Leave the pictures out. Transcribe exactly every line from the start of the records through the one containing "Finished rudder and".

[Records contained in a dataset]
====================

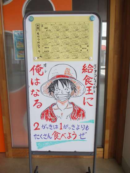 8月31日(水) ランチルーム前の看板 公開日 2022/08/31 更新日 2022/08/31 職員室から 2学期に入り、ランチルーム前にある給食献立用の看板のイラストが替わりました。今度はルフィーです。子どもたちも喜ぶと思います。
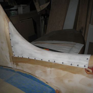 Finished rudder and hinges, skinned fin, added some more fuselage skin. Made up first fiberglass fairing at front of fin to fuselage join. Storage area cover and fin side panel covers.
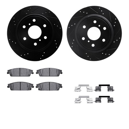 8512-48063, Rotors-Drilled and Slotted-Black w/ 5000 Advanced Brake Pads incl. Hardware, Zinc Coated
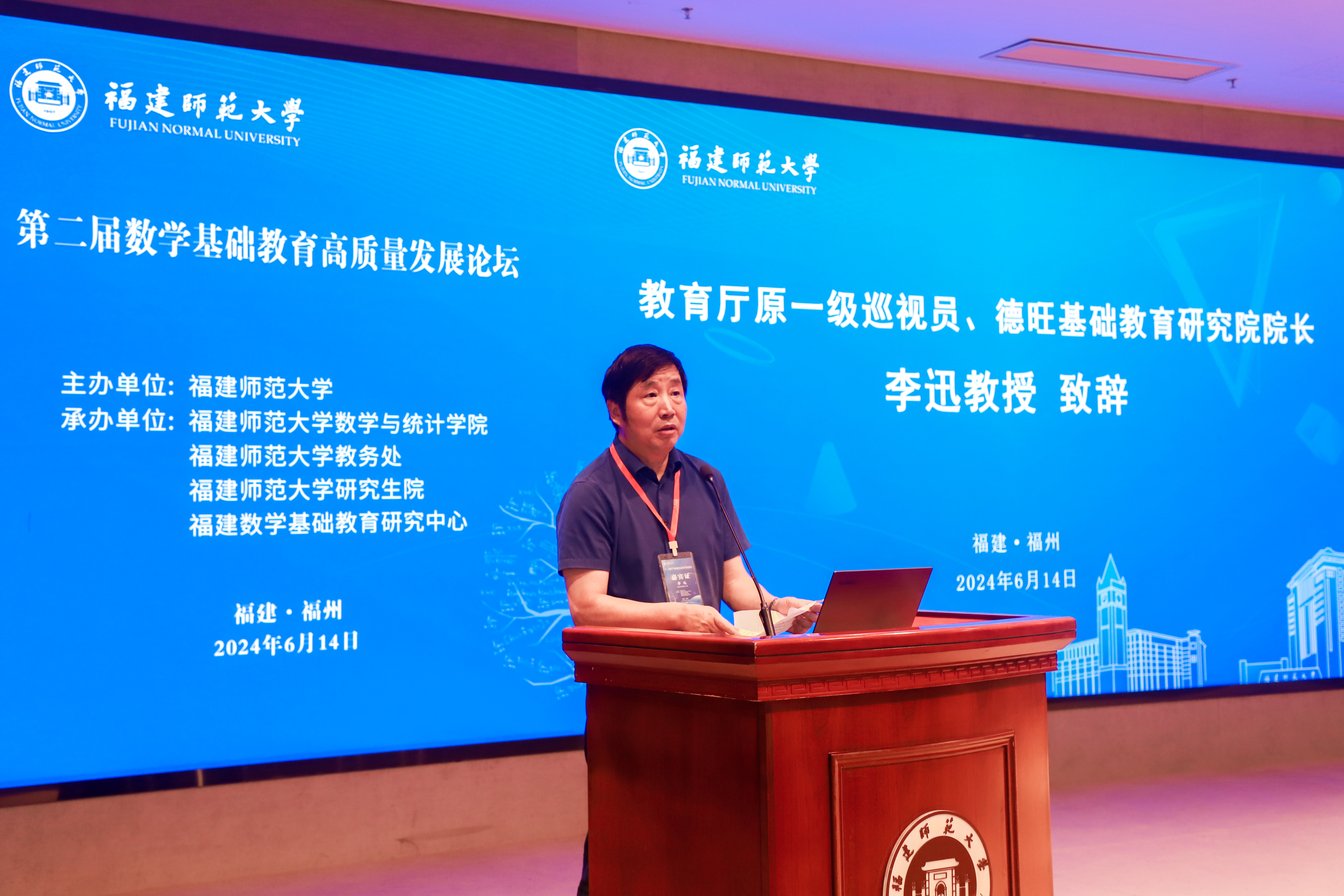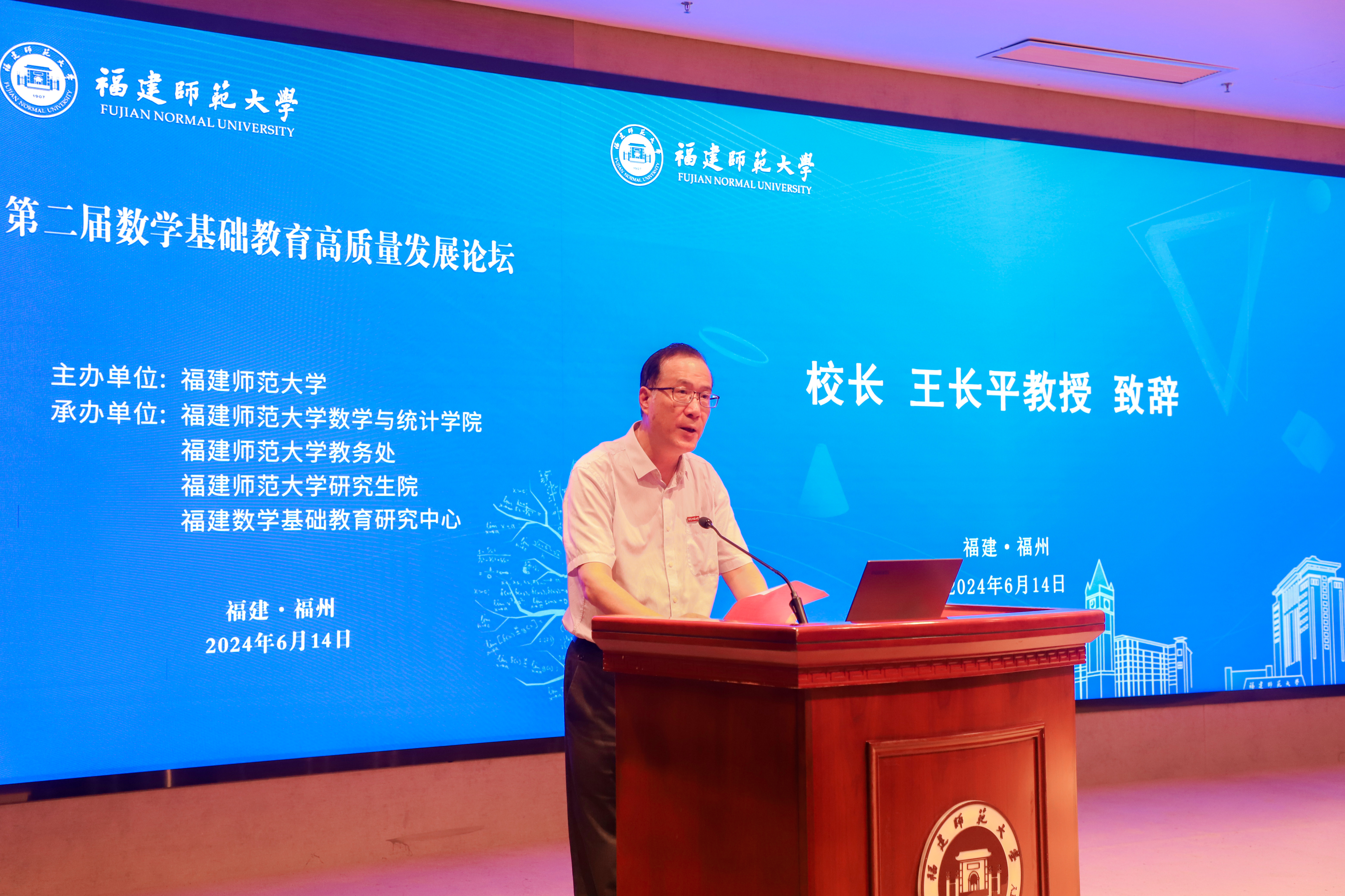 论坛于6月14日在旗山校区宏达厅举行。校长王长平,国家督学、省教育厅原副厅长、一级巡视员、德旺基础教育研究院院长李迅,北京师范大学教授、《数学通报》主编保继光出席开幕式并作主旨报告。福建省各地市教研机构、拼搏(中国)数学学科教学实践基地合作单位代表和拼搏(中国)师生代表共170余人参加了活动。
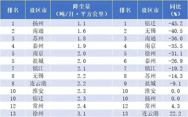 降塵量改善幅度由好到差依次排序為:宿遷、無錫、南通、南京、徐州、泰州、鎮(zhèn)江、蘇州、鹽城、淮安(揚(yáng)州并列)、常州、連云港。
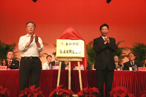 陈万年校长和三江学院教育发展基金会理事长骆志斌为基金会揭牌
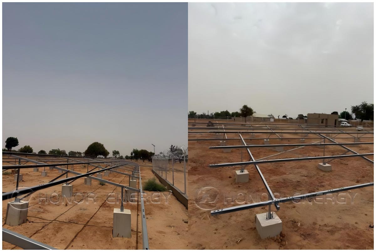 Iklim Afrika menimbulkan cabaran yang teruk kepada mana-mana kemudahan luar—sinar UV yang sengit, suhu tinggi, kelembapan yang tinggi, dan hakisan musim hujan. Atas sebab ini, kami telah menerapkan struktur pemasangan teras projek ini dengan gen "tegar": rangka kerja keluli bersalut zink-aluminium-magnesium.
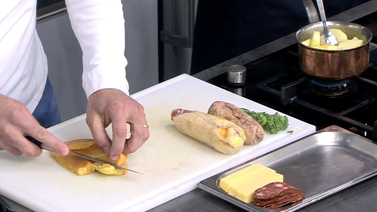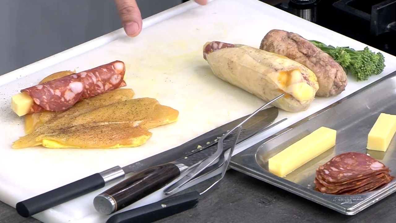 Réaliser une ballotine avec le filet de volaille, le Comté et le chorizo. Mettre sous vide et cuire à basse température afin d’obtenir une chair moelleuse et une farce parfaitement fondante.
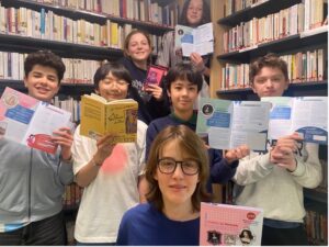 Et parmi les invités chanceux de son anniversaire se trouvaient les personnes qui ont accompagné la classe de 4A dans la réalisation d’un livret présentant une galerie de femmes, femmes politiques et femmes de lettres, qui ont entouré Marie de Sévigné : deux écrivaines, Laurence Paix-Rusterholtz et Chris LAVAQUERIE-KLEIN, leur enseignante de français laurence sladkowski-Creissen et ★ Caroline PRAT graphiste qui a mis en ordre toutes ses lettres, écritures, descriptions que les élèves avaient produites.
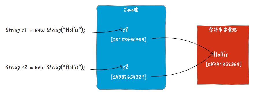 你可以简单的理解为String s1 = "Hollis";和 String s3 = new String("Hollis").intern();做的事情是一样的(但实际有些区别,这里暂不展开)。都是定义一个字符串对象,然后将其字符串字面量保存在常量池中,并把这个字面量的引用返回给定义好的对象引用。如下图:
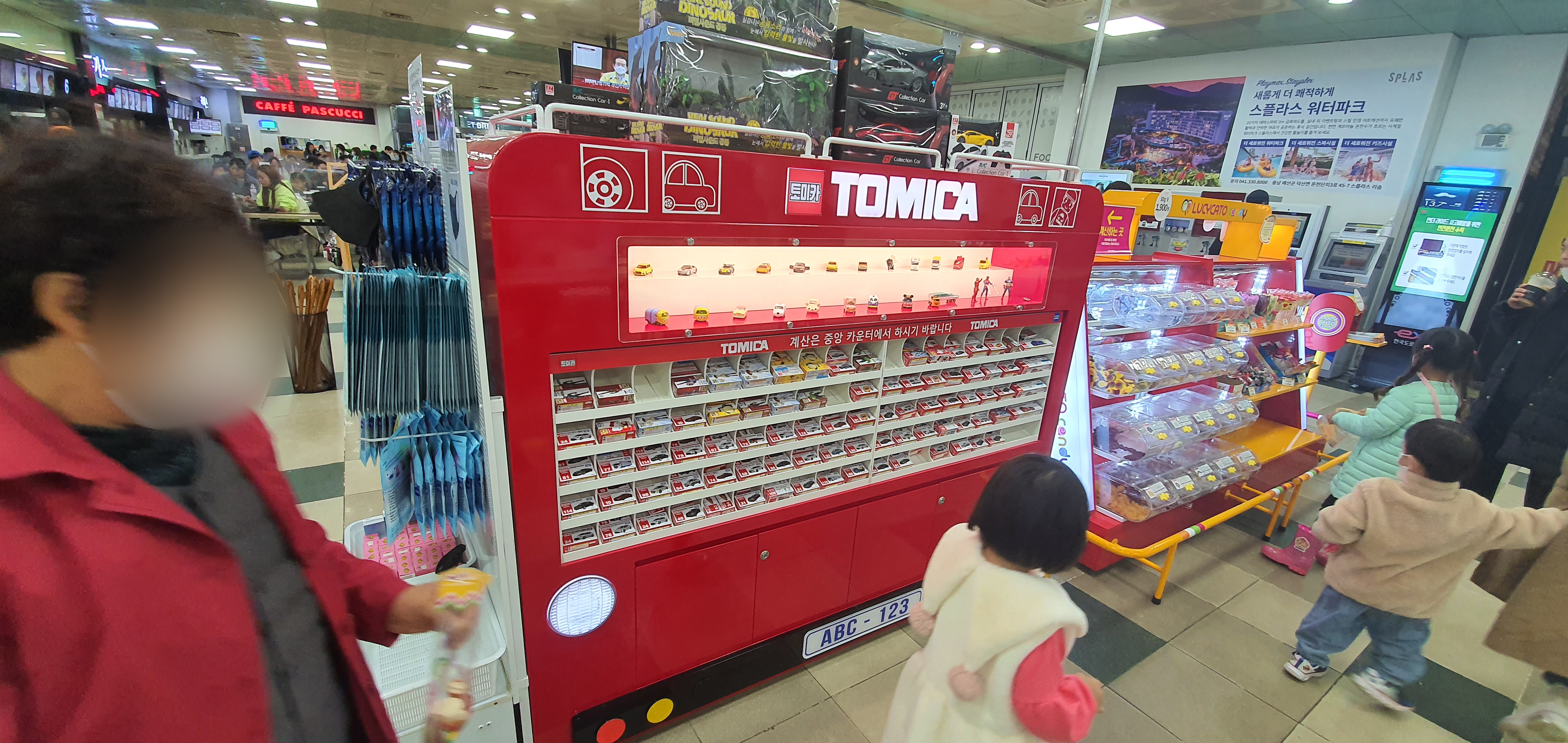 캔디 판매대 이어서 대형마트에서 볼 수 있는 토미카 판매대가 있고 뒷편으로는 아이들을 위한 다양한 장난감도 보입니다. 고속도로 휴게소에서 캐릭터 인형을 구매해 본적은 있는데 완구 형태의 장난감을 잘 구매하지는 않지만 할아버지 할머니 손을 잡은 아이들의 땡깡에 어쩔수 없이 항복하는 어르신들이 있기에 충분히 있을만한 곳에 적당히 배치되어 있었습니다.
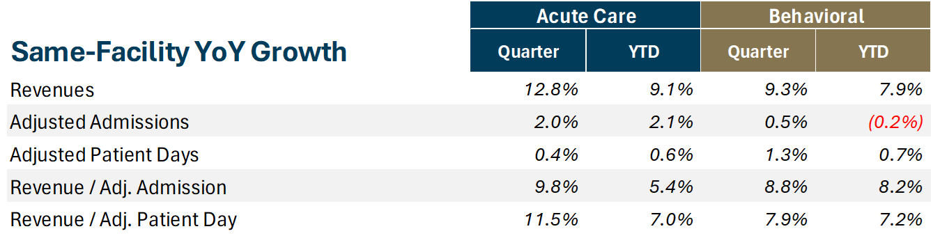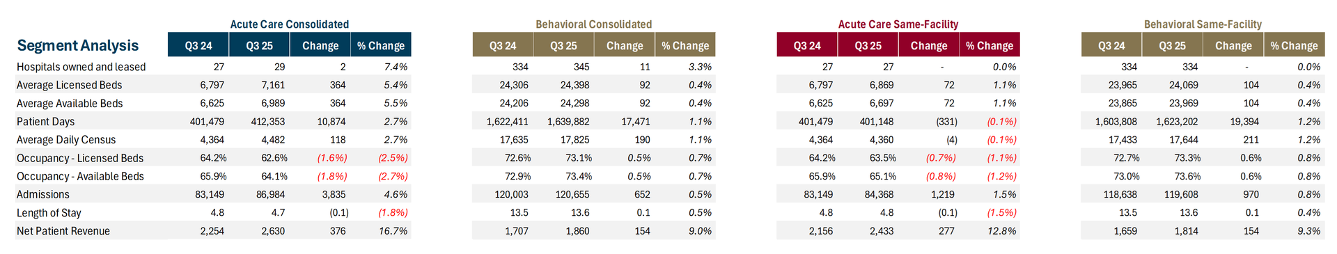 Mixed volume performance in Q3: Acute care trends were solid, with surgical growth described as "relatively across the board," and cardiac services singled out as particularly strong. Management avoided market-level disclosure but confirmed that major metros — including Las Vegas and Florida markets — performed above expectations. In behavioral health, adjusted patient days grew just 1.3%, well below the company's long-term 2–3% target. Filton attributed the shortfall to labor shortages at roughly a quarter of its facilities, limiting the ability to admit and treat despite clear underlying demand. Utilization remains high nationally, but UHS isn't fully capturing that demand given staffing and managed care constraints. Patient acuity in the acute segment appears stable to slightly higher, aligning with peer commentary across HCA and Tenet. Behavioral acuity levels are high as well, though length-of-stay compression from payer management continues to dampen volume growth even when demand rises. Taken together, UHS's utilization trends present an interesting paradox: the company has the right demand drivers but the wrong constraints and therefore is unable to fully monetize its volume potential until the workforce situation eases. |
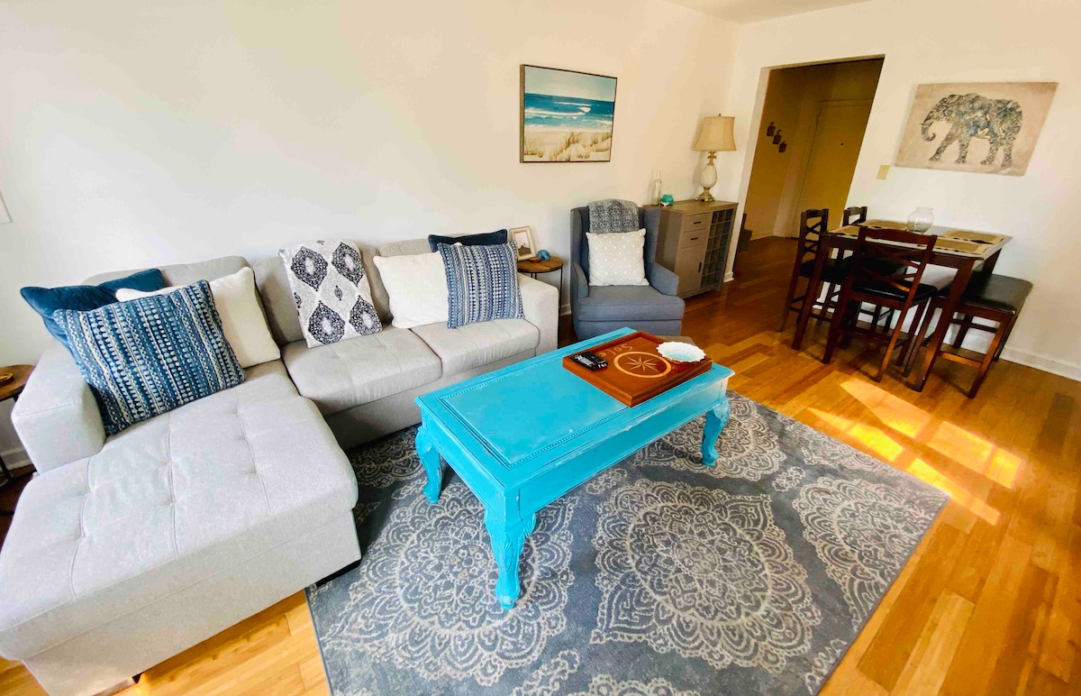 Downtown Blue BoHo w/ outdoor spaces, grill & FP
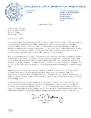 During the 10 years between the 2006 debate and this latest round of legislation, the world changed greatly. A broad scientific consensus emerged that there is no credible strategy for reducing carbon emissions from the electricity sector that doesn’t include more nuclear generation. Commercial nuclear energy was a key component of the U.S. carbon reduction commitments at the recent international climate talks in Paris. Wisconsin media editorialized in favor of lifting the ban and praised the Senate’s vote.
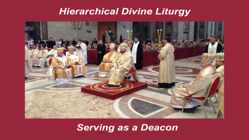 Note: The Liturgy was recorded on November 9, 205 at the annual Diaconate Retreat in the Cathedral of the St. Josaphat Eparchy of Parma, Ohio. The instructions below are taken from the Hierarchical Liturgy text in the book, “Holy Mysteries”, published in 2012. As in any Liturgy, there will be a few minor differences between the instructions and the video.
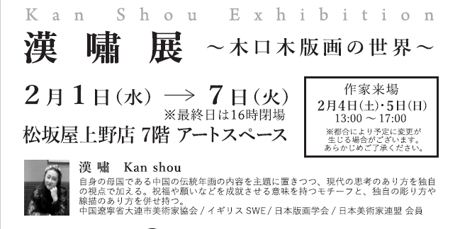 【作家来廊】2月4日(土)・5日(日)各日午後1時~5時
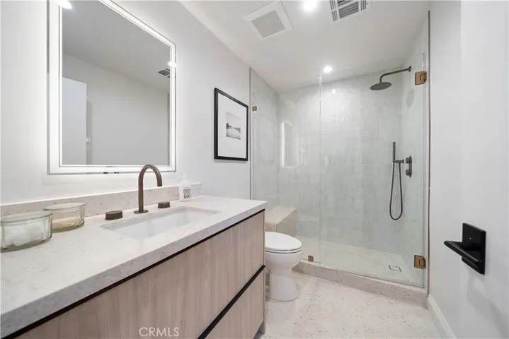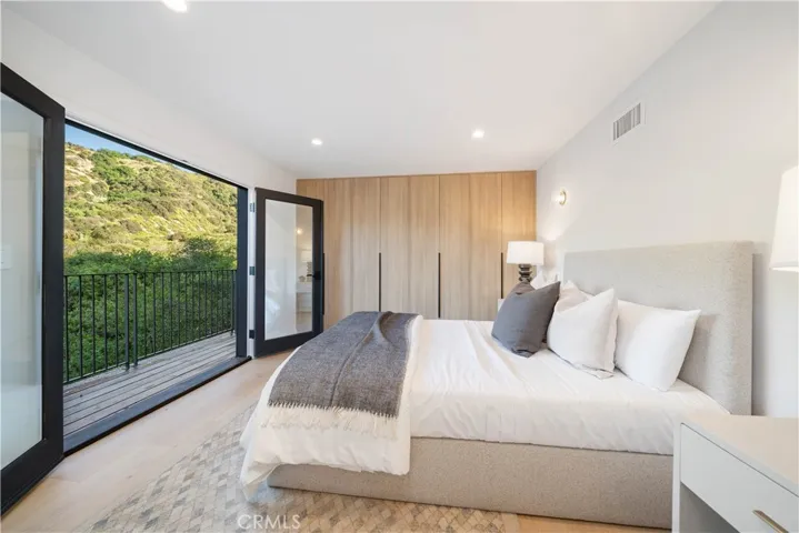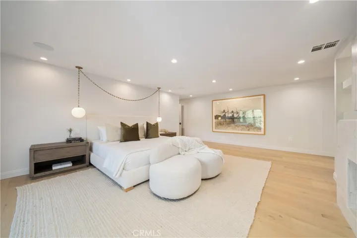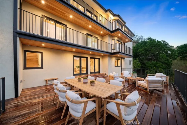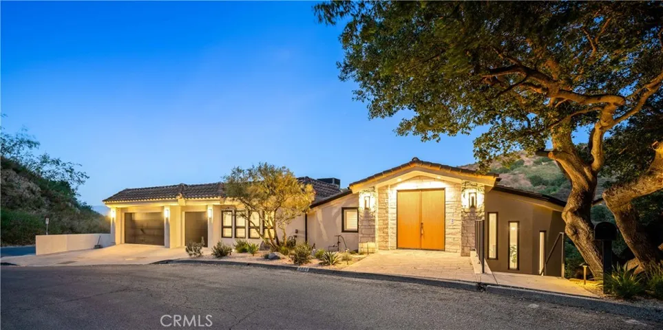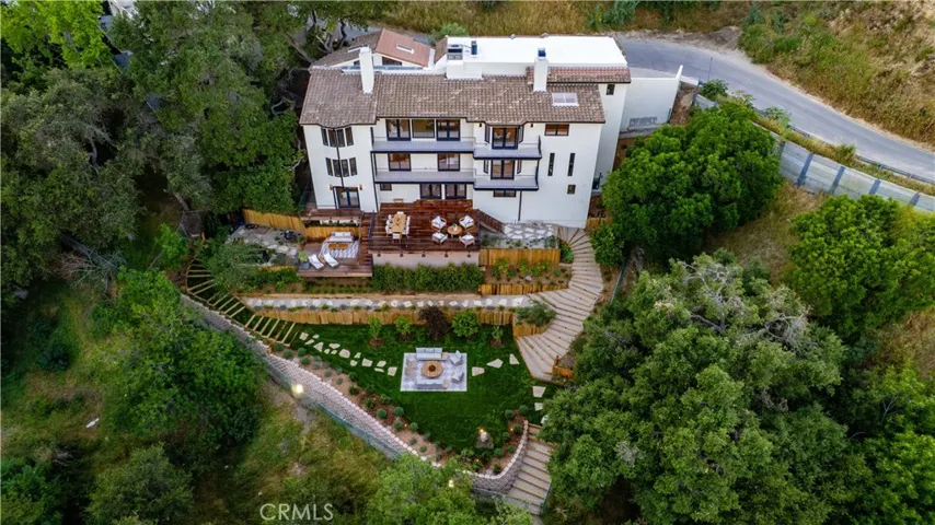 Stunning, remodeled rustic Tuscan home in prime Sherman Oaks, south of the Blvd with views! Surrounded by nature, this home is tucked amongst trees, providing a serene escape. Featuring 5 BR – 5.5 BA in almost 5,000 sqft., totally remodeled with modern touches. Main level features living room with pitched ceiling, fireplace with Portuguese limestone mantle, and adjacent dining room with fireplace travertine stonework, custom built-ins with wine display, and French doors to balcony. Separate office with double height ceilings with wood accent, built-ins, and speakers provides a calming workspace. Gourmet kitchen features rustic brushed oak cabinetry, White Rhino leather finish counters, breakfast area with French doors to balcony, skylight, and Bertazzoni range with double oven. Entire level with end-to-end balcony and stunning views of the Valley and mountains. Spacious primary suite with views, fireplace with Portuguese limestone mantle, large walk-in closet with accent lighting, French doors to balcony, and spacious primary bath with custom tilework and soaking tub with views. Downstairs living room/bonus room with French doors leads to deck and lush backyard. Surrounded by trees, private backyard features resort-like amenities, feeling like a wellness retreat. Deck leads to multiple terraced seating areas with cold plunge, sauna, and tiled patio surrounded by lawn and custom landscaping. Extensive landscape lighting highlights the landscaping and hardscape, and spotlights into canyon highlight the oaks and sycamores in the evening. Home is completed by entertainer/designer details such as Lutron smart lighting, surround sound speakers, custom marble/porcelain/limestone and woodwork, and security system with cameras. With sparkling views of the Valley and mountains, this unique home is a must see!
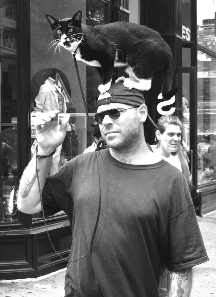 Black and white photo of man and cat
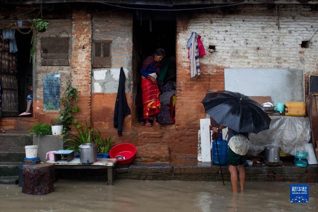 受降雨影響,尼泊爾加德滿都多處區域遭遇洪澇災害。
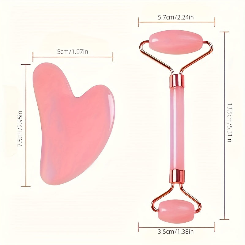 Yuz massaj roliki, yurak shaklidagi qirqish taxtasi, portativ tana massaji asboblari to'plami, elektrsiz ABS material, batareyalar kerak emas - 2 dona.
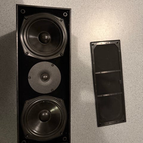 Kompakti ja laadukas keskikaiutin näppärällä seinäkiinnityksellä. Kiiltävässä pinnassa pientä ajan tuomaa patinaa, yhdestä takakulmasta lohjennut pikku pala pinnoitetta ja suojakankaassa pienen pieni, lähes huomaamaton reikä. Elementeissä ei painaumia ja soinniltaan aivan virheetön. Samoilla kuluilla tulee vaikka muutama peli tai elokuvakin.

====================

Finished exercise:
 8月31日(水) ランチルーム前の看板 公開日 2022/08/31 更新日 2022/08/31 職員室から 2学期に入り、ランチルーム前にある給食献立用の看板のイラストが替わりました。今度はルフィーです。子どもたちも喜ぶと思います。
 Finished rudder and hinges, skinned fin, added some more fuselage skin. Made up first fiberglass fairing at front of fin to fuselage join. Storage area cover and fin side panel covers.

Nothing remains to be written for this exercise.